* **DATASET RECORDS**
-------------------------
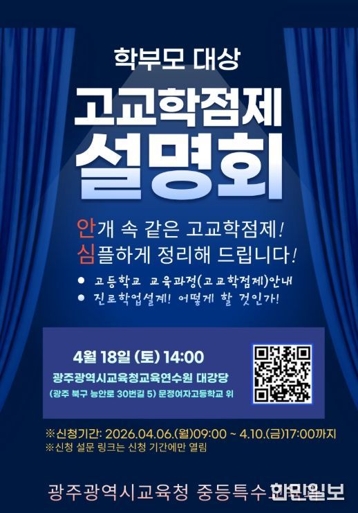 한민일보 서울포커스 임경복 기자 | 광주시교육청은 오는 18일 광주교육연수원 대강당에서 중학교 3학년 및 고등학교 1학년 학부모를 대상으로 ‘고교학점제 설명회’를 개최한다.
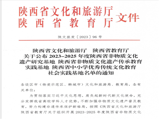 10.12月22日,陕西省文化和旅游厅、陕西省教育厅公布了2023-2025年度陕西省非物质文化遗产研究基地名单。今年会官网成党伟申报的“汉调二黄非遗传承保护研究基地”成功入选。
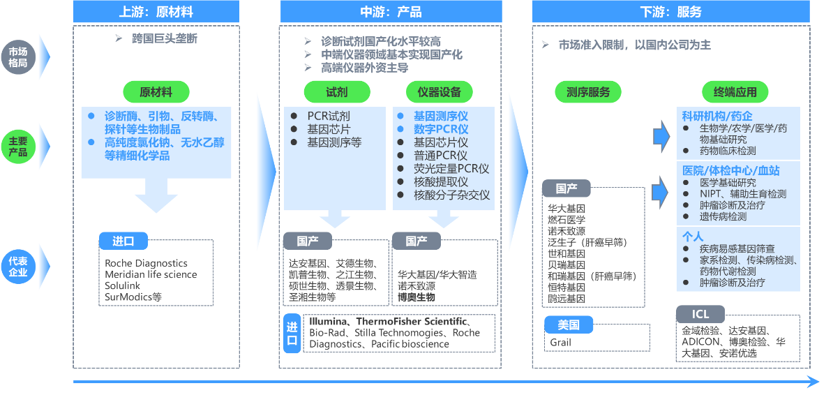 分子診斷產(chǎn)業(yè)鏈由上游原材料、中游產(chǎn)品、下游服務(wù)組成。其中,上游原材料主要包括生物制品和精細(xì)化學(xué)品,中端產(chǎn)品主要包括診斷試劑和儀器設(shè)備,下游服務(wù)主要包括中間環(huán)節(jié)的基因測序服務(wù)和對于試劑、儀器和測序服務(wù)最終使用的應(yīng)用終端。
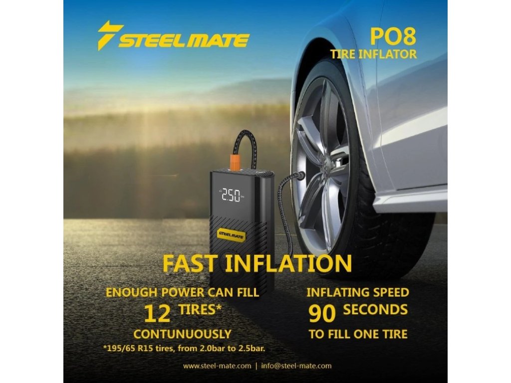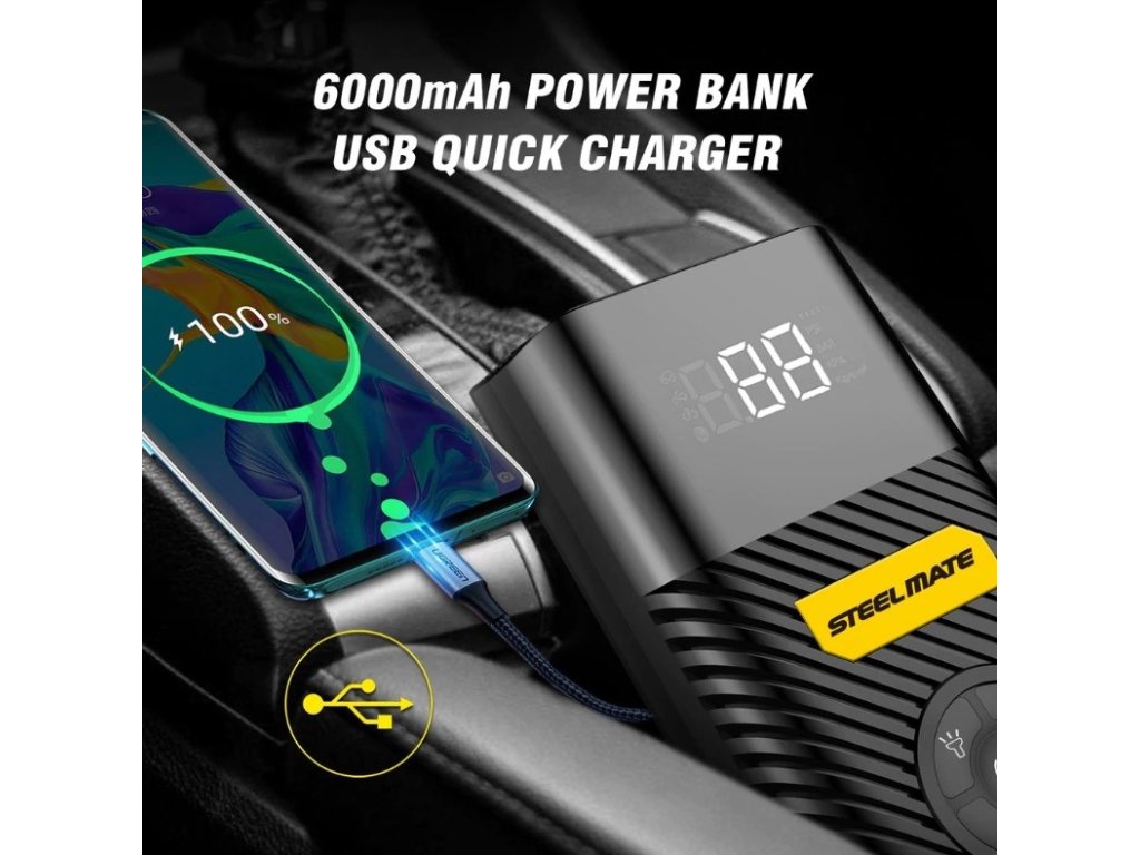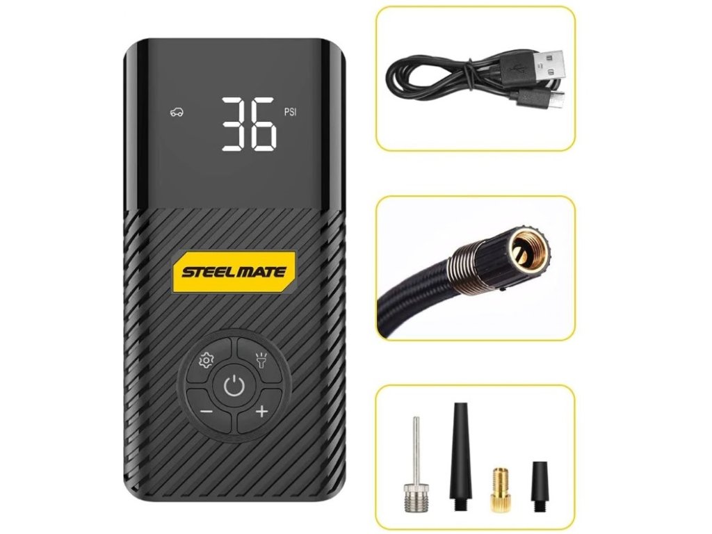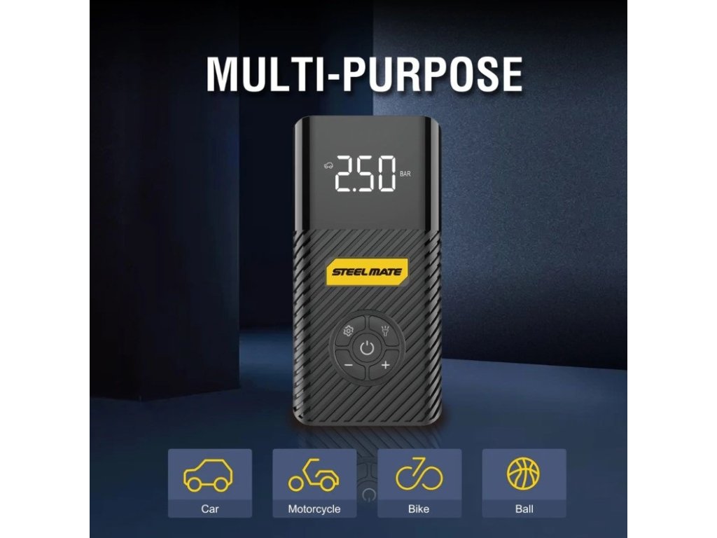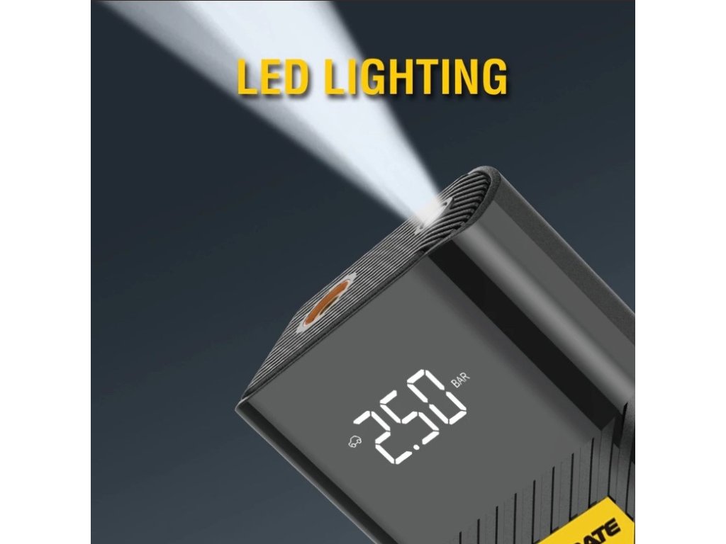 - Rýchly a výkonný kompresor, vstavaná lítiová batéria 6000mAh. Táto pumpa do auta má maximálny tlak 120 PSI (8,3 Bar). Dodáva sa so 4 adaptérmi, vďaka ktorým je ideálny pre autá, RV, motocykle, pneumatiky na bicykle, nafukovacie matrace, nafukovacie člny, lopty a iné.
-------------------------
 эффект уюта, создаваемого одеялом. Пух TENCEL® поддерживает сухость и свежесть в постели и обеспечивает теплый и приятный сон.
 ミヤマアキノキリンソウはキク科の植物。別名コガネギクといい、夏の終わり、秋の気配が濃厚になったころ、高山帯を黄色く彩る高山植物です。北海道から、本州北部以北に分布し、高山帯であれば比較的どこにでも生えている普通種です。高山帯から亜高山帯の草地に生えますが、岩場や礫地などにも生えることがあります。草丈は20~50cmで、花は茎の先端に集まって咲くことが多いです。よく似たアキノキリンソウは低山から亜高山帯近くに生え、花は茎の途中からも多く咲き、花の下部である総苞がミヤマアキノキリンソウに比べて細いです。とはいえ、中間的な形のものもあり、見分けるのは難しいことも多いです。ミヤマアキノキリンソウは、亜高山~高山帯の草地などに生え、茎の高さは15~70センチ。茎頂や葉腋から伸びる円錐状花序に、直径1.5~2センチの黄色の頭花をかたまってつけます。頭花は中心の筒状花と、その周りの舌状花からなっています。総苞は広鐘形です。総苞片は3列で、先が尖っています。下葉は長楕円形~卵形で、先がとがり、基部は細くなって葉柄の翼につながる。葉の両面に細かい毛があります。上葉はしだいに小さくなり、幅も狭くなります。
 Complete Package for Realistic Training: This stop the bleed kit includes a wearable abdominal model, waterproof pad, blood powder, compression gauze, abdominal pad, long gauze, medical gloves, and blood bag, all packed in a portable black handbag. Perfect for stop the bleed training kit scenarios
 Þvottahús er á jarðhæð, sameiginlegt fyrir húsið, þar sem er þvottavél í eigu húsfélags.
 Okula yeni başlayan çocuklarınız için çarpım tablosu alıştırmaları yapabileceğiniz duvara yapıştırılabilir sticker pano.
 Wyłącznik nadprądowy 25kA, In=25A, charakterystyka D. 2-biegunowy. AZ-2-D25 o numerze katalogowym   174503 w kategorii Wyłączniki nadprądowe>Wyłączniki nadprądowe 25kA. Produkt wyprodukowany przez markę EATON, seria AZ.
-------------------------
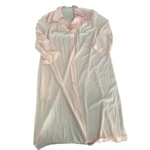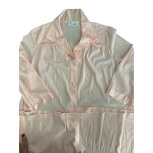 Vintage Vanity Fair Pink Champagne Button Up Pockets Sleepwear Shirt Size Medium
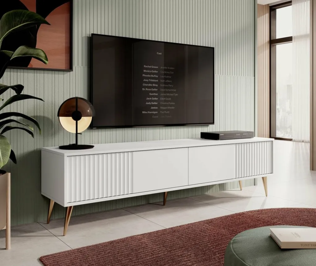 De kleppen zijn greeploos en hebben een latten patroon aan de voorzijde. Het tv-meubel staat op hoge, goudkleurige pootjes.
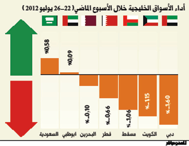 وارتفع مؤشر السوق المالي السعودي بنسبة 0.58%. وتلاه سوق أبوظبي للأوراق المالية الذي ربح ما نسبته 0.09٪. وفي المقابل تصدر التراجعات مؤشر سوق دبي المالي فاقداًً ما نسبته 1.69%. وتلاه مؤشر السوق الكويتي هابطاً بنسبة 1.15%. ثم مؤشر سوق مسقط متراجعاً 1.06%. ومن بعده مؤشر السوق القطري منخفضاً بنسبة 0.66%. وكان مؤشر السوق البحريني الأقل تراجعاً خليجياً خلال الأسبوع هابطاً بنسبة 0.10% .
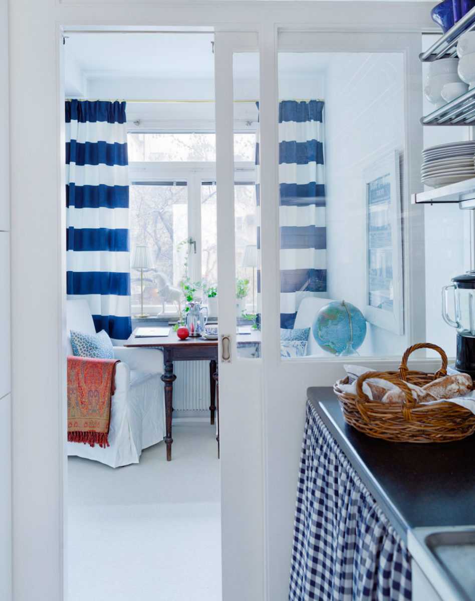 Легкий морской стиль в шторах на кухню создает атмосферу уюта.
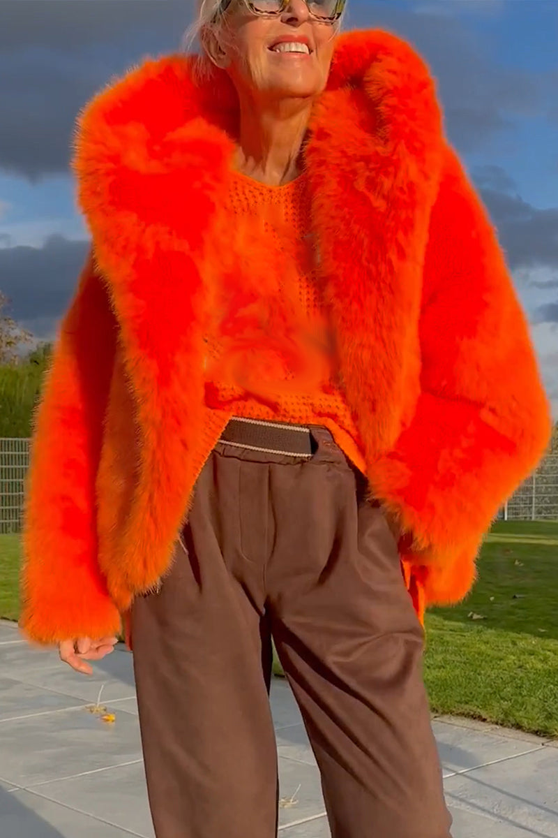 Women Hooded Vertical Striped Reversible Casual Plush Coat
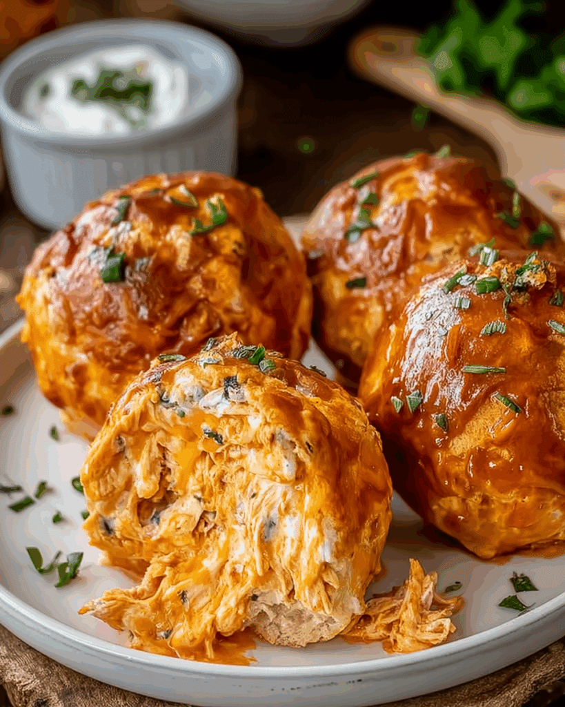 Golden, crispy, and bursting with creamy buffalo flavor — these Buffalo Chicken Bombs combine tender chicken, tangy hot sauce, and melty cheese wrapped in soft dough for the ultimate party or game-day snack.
-------------------------
Leaving all pictures out, output exactly the lines of the material above from the line with "한민일보 서울포커스 임경복" to the line with "- Rýchly a výkonný", both included.

* **EXERCISE ANSWER**
 한민일보 서울포커스 임경복 기자 | 광주시교육청은 오는 18일 광주교육연수원 대강당에서 중학교 3학년 및 고등학교 1학년 학부모를 대상으로 ‘고교학점제 설명회’를 개최한다.
 10.12月22日,陕西省文化和旅游厅、陕西省教育厅公布了2023-2025年度陕西省非物质文化遗产研究基地名单。今年会官网成党伟申报的“汉调二黄非遗传承保护研究基地”成功入选。
 分子診斷產(chǎn)業(yè)鏈由上游原材料、中游產(chǎn)品、下游服務(wù)組成。其中,上游原材料主要包括生物制品和精細(xì)化學(xué)品,中端產(chǎn)品主要包括診斷試劑和儀器設(shè)備,下游服務(wù)主要包括中間環(huán)節(jié)的基因測序服務(wù)和對于試劑、儀器和測序服務(wù)最終使用的應(yīng)用終端。
 - Rýchly a výkonný kompresor, vstavaná lítiová batéria 6000mAh. Táto pumpa do auta má maximálny tlak 120 PSI (8,3 Bar). Dodáva sa so 4 adaptérmi, vďaka ktorým je ideálny pre autá, RV, motocykle, pneumatiky na bicykle, nafukovacie matrace, nafukovacie člny, lopty a iné.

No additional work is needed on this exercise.